Cache Preload
Data Caching (Disk Cache)
In the storage-compute separation architecture of ByConity, the use of cloud storage elongates I/O times. To address this issue, ByConity optimizes read-write performance by implementing a Disk Cache on each Worker. When data from remote storage is accessed, a local copy is cached on the Worker for faster subsequent access. If the Cache becomes full, ByConity employs an enhanced Bucket LRU algorithm to evict data. Additionally, ByConity caches metadata in the Server's memory, using Tables and Partitions as granularity.
Preloading (Cache Preload)
In version 0.2.0, ByConity introduced optimizations for cold reads by supporting the Cache Preload feature. In the storage-compute separation architecture, the Disk Cache concept is utilized, where accessed data is cached and eviction strategies are employed to remove data that hasn't been accessed recently or infrequently. However, cold reads can still occur, degrading read-write performance. Therefore, it's desirable to accelerate the data loading process, essentially "preheating" the cache by loading data before user queries.
Preloading involves fetching data from remote storage and storing it in the local disk cache beforehand, thus speeding up impending queries. Once preloading is complete, queries can directly read data from the local disk rather than remote storage. Currently, Cache Preload supports two types: Automatic Preload and Manual Preload. Additionally, preloading can be configured to include only metadata (Meta), only data (Data), or both Meta and Data simultaneously.
How to Enable and Configure
Set the table-level
parts_preload_level
to a value greater than 0 (defaults to 0 if not set). This can be updated using the following DDL command:ALTER TABLE [db.]table_name MODIFY SETTING parts_preload_level = {level};
Where
{level}
has the following meanings:- 0: Disable preloading for the table.
- 1: Enable preloading for the table, but only preload metadata including checksums, primary indexes, and markers.
- 2: Enable preloading for the table, but only preload data, excluding metadata.

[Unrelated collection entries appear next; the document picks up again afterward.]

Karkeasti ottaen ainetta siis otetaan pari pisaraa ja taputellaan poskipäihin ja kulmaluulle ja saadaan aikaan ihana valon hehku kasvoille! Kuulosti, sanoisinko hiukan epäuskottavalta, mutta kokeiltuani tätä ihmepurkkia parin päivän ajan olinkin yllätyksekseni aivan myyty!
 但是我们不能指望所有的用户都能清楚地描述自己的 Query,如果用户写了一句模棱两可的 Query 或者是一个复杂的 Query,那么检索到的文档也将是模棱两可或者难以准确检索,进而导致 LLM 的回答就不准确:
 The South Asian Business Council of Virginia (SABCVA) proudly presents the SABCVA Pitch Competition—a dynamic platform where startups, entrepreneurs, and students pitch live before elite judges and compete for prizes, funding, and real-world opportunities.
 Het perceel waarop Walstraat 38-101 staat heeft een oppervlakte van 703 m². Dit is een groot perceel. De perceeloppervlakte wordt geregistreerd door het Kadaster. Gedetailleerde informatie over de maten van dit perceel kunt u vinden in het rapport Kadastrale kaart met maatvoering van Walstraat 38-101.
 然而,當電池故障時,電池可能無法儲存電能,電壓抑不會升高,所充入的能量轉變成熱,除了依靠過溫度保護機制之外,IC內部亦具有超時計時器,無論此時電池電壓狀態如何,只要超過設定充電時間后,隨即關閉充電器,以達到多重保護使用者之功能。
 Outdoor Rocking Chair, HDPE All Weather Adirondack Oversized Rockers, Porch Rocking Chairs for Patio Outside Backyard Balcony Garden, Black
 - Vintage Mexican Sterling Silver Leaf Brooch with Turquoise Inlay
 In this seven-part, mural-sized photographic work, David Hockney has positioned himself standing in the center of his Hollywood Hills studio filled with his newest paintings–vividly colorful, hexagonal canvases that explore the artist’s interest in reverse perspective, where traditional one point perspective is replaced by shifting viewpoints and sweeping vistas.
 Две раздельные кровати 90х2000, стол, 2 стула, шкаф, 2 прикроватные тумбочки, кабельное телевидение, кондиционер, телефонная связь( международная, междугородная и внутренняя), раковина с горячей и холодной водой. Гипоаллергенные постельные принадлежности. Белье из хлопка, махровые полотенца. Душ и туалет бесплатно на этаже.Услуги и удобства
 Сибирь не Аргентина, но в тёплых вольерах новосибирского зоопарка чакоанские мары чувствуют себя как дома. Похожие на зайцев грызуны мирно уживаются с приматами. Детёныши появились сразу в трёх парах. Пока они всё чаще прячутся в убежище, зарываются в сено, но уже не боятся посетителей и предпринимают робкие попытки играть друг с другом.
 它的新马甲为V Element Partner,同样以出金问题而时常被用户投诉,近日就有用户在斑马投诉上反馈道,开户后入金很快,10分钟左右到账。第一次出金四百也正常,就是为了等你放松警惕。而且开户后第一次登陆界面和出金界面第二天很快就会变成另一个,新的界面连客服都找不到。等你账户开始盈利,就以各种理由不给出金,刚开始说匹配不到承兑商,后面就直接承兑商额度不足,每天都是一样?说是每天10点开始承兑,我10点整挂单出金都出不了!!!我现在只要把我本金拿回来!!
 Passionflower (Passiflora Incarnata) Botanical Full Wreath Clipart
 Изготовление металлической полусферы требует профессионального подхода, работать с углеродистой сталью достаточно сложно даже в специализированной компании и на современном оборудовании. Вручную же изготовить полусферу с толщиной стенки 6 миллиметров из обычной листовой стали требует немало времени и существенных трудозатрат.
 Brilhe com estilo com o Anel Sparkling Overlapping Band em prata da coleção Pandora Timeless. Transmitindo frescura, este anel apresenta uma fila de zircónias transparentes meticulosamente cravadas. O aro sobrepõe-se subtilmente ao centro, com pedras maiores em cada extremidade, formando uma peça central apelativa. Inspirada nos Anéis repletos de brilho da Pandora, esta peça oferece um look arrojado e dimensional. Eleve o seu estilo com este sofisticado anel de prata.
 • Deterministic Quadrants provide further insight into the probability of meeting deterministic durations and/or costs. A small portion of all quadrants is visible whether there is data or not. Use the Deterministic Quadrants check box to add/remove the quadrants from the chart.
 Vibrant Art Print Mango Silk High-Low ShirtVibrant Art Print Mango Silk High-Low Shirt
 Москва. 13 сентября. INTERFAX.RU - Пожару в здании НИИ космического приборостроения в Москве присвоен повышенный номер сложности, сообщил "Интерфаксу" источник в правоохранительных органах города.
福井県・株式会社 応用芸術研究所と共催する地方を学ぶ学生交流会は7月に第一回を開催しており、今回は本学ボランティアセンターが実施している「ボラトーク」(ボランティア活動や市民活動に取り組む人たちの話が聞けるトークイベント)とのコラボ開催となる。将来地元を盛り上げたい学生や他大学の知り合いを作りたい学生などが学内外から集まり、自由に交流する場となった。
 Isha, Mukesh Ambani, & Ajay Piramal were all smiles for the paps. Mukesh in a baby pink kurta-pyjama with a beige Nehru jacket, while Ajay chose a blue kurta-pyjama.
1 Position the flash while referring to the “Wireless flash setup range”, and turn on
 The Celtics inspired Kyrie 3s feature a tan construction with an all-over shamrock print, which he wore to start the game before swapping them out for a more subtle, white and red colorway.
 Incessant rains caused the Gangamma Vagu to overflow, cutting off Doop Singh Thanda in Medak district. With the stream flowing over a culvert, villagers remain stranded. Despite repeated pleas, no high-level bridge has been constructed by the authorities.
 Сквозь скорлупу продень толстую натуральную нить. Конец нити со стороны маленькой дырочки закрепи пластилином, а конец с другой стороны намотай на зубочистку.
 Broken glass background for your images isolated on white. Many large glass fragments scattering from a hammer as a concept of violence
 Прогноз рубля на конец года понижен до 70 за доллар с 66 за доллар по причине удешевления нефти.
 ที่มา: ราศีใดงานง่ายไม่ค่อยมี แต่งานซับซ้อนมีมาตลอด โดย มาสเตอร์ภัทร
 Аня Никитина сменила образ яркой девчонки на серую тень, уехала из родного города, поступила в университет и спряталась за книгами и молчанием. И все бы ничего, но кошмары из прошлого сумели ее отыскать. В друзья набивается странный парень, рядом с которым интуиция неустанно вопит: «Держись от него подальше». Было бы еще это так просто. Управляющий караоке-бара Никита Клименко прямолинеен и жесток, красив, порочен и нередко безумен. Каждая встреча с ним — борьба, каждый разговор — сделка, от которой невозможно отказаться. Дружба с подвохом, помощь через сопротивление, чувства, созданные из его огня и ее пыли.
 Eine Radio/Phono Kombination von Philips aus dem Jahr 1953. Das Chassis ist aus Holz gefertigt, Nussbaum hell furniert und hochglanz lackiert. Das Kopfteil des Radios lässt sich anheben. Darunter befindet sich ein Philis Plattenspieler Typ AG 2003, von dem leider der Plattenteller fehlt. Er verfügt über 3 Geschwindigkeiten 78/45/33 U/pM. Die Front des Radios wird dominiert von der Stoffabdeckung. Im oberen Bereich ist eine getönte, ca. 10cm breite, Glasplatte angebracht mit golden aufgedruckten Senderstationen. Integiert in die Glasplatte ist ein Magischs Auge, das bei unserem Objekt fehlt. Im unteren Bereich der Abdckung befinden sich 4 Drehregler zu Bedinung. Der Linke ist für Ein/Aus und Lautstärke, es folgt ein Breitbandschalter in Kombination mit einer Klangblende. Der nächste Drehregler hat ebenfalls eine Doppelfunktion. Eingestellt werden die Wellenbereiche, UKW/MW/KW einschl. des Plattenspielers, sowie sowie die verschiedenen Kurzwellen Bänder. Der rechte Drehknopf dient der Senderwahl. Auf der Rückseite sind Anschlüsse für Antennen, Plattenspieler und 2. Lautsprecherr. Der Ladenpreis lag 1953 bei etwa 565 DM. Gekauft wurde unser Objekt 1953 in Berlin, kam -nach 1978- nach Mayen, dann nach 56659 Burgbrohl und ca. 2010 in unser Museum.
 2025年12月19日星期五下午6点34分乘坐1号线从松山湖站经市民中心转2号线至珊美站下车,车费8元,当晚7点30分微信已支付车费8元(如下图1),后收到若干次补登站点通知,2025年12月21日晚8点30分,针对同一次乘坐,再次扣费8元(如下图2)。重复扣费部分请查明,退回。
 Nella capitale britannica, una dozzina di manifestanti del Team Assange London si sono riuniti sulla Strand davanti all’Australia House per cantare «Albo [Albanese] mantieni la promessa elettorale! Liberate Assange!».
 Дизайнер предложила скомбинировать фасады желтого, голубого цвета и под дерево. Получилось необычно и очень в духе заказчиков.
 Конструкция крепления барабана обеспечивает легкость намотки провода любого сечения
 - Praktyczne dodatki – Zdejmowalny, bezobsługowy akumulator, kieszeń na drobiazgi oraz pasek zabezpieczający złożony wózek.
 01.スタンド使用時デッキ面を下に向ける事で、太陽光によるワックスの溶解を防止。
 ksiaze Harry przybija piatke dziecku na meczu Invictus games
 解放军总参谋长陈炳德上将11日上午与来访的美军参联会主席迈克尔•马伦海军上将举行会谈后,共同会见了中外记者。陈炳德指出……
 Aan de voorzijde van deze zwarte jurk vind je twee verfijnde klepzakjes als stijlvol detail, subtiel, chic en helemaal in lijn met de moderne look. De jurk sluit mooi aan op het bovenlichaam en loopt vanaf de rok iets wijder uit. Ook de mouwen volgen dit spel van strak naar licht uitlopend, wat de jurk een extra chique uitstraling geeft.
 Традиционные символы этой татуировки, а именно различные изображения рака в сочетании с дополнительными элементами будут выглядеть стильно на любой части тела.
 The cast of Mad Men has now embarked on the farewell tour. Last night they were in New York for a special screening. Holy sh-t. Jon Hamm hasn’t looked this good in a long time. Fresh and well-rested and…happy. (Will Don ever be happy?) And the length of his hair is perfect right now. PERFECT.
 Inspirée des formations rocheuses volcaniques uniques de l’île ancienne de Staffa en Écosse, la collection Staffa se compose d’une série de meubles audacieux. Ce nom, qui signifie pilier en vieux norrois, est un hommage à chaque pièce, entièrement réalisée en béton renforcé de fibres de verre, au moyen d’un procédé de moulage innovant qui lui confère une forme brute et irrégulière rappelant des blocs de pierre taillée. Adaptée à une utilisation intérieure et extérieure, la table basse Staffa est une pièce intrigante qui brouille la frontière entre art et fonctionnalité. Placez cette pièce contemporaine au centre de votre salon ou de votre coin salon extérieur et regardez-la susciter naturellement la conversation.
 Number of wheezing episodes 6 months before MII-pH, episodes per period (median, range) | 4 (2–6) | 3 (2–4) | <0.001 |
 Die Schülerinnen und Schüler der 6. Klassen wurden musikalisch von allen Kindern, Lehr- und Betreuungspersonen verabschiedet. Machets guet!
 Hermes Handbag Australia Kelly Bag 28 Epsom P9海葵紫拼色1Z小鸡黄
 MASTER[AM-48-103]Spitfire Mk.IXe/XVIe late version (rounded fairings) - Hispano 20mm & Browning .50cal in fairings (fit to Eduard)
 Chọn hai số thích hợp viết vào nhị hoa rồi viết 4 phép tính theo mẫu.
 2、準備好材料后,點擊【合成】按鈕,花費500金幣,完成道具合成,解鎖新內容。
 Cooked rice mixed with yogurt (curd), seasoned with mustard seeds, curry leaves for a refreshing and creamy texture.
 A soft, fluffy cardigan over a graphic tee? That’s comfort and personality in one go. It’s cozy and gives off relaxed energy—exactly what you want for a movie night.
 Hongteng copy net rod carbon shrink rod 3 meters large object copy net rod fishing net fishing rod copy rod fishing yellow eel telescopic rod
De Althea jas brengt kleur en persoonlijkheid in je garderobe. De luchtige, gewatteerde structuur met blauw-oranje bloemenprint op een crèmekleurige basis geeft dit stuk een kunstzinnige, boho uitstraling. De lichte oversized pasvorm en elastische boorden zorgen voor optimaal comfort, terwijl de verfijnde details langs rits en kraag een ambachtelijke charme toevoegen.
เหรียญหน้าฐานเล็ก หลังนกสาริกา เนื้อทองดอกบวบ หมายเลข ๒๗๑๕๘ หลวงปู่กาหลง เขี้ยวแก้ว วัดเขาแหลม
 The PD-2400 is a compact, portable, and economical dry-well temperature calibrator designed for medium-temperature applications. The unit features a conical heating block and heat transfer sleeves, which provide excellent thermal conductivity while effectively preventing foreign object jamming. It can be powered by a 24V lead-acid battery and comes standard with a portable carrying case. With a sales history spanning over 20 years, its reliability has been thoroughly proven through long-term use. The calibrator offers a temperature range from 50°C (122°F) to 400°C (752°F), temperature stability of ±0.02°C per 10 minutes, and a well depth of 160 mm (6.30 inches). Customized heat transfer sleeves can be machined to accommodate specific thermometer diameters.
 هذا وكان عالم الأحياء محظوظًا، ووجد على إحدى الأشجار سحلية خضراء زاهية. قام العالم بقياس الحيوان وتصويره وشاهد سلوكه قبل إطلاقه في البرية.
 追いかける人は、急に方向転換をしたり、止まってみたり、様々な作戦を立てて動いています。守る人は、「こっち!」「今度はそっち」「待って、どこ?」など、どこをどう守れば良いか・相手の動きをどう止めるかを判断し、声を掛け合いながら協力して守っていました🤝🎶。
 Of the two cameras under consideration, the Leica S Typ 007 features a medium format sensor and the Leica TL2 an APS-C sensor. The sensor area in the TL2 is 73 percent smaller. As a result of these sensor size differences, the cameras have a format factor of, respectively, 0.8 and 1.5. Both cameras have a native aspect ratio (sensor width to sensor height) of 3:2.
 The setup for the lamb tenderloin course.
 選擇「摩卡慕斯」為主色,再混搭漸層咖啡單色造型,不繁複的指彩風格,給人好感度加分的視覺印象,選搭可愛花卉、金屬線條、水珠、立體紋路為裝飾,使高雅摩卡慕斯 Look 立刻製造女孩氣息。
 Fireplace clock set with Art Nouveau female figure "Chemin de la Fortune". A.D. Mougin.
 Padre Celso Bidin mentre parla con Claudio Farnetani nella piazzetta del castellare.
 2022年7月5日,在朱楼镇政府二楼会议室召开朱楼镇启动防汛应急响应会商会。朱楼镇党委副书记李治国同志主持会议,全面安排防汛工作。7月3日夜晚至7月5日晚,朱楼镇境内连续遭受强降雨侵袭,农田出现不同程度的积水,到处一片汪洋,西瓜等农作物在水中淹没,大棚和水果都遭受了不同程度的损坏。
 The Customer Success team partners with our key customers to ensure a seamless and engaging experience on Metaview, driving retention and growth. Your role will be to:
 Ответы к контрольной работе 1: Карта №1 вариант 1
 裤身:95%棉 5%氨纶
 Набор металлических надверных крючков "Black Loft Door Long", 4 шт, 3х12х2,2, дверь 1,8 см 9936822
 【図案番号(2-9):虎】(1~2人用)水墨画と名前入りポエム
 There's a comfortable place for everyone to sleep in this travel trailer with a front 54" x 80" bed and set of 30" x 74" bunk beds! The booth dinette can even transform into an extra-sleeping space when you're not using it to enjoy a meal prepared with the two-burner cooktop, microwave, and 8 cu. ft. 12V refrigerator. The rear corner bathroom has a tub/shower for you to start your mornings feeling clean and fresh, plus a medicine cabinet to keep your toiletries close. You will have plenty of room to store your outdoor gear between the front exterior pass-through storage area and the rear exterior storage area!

- 3: Enable preloading for the table, preload both metadata and some data.
Ensure the table-level
enable_local_disk_cache
is set to 1 (defaults to 1 if not set). This can be updated using the following DDL command:ALTER TABLE [db.]table_name MODIFY SETTING enable_local_disk_cache = 1;
Set the system-level
parts_preload_level
in theuser.xml
configuration file to a value greater than 0 (defaults to 1).- 0: Disable preloading globally. This means preloading operations will be turned off for all tables, even if the table-level
parts_preload_level
is set to a value greater than 0. - 1: Allow table-level preloading operations, and the actual preloading level will depend on the table settings.
- 0: Disable preloading globally. This means preloading operations will be turned off for all tables, even if the table-level
Manual Preloading
For older data in tables where preloading was not enabled initially, manual preloading can be triggered using the following DDL:
ALTER DISK CACHE PRELOAD TABLE [db.]table_name [PARTITION p] [SYNC|ASYNC] [SETTINGS parts_preload_level = {level}, virtual_warehouse = {vw_name}];
- Partition
p
: Specifies the target partition for loading. If omitted, all data within the table will be preloaded by default. SYNC
|ASYNC
: Determines whether preloading should be synchronous or asynchronous.ASYNC
returns success immediately, whileSYNC
blocks until preloading is complete.parts_preload_level
: Overrides the table-level preloading level for manual preloading if specified.virtual_warehouse
: Specifies the target virtual warehouse node for preloading.
Notes:
- Newly inserted data is automatically preloaded to the local disk. The target vw node is determined by the
virtual_warehouse
binding in the table settings, and the preloading level depends on theparts_preload_level
table setting. - Data resulting from merges is also automatically preloaded to the local disk. The target vw node and preloading level are determined similarly based on the table settings.